Records to process below:

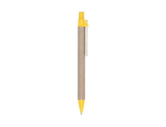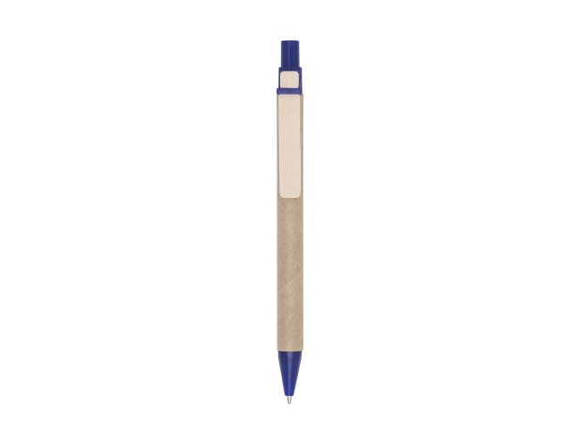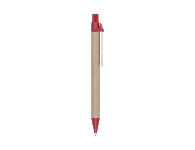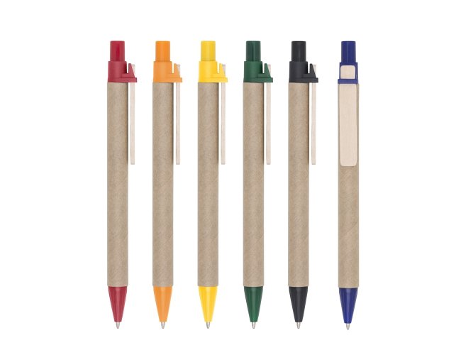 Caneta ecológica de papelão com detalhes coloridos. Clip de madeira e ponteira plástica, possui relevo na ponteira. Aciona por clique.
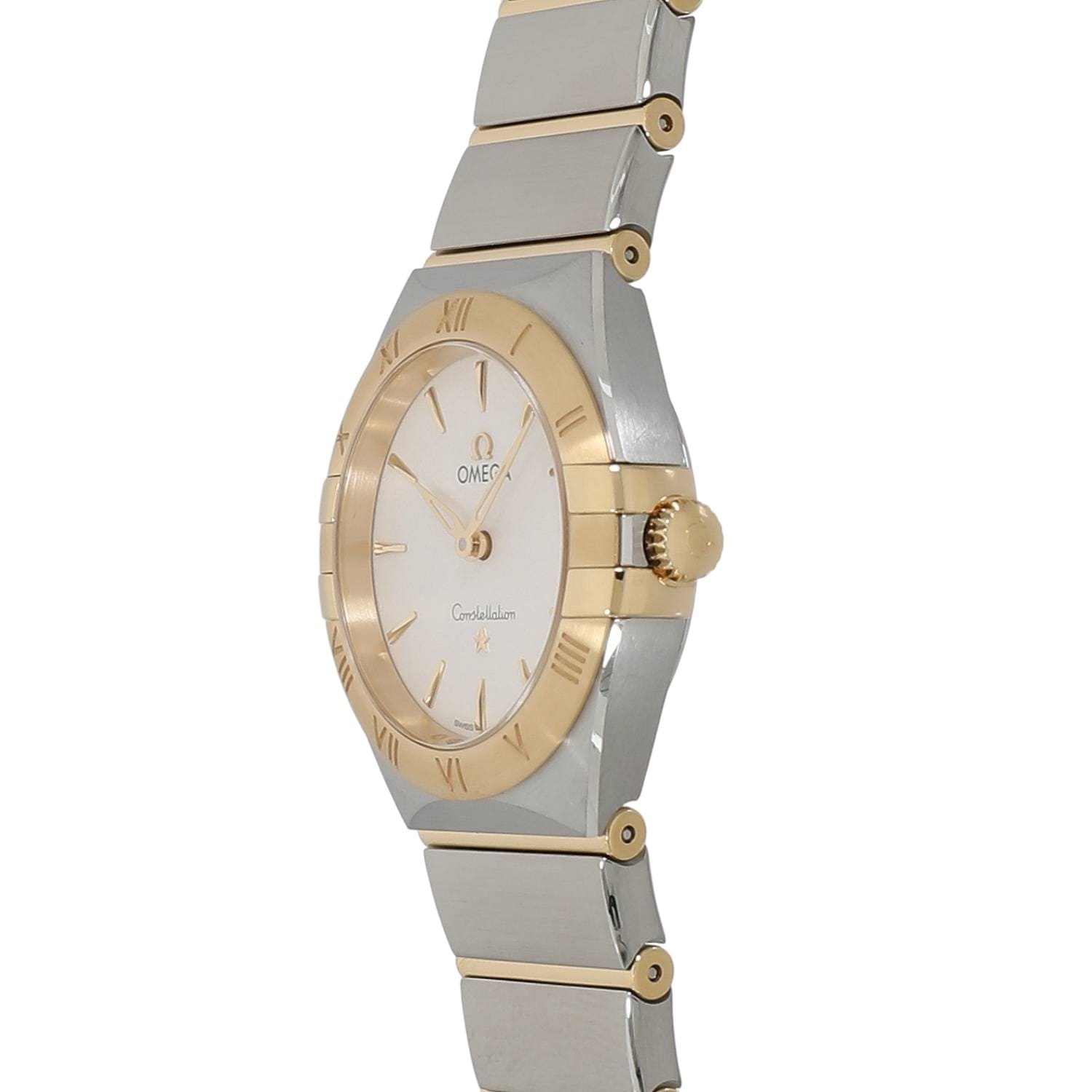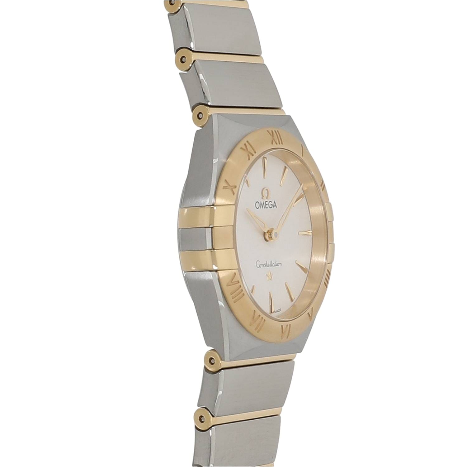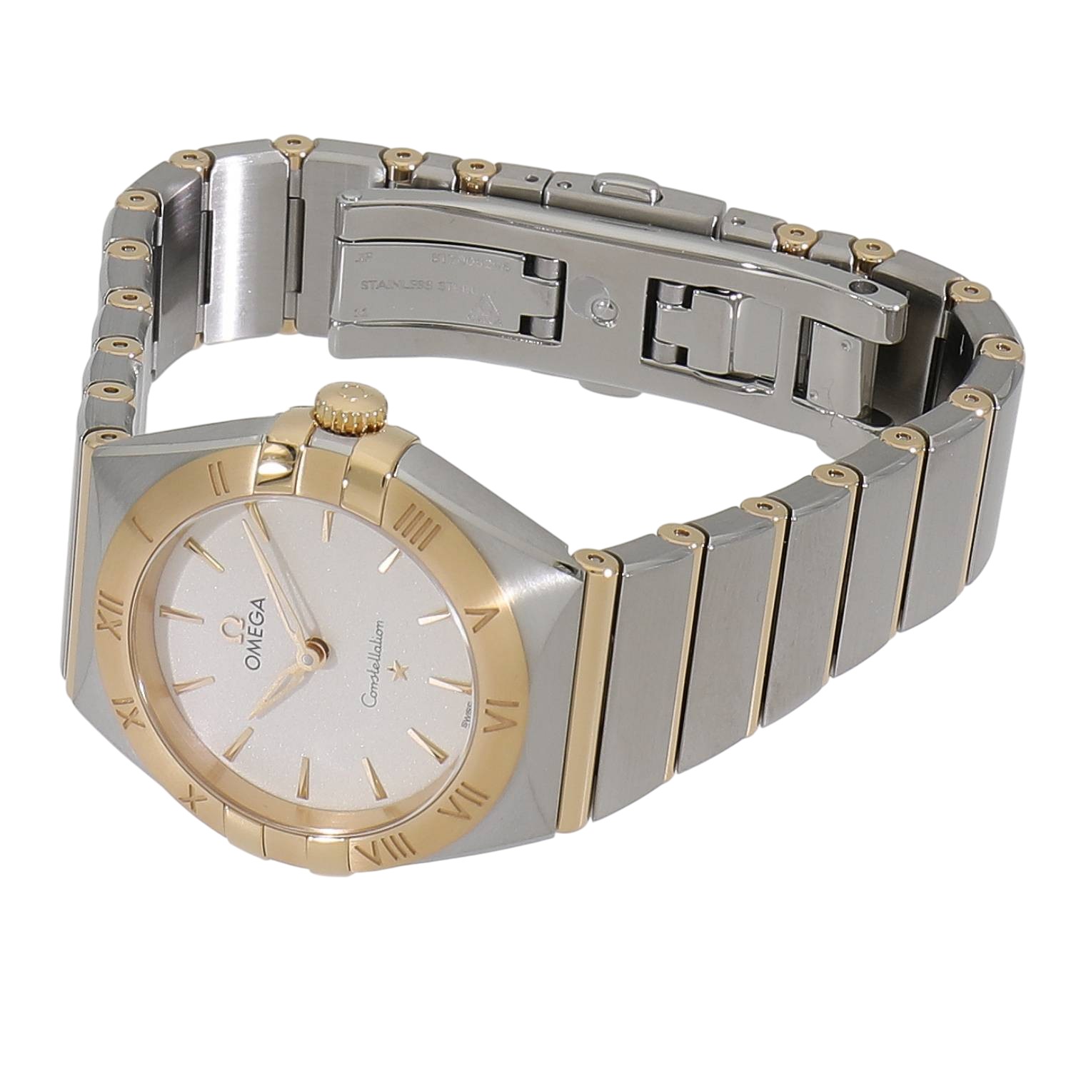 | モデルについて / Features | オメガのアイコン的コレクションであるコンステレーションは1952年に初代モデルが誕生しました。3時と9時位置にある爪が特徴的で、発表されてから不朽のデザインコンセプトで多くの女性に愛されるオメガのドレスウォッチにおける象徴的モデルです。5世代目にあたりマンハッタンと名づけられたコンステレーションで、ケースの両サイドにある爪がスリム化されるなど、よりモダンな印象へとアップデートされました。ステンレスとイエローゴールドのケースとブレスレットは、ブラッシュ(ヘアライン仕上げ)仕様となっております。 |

End of Records to process.
Records to process below:

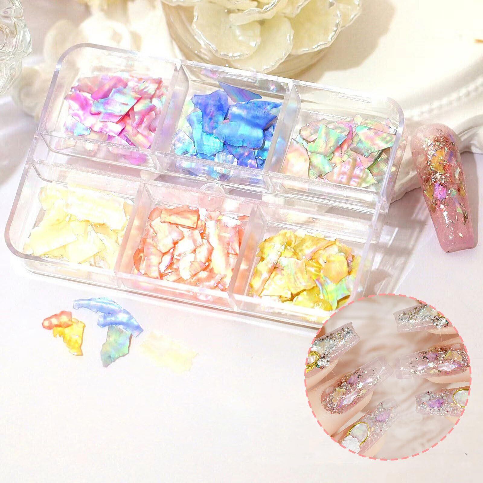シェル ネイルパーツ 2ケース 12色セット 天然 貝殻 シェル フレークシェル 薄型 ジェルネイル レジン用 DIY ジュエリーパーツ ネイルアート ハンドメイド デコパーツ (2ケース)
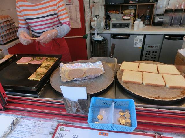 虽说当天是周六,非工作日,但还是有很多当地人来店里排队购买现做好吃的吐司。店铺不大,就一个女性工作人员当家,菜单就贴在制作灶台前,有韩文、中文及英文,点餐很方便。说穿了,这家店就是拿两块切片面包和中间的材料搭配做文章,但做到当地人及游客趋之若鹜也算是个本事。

End of Records to process.

Assignment: The lines above starting at the one that holds "シェル ネイルパーツ 2ケース" and ending at the one that holds "虽说当天是周六,非工作日,但" are to be written out exactly, ends included, and no pictures are to be copied.

Task response:
シェル ネイルパーツ 2ケース 12色セット 天然 貝殻 シェル フレークシェル 薄型 ジェルネイル レジン用 DIY ジュエリーパーツ ネイルアート ハンドメイド デコパーツ (2ケース)
 虽说当天是周六,非工作日,但还是有很多当地人来店里排队购买现做好吃的吐司。店铺不大,就一个女性工作人员当家,菜单就贴在制作灶台前,有韩文、中文及英文,点餐很方便。说穿了,这家店就是拿两块切片面包和中间的材料搭配做文章,但做到当地人及游客趋之若鹜也算是个本事。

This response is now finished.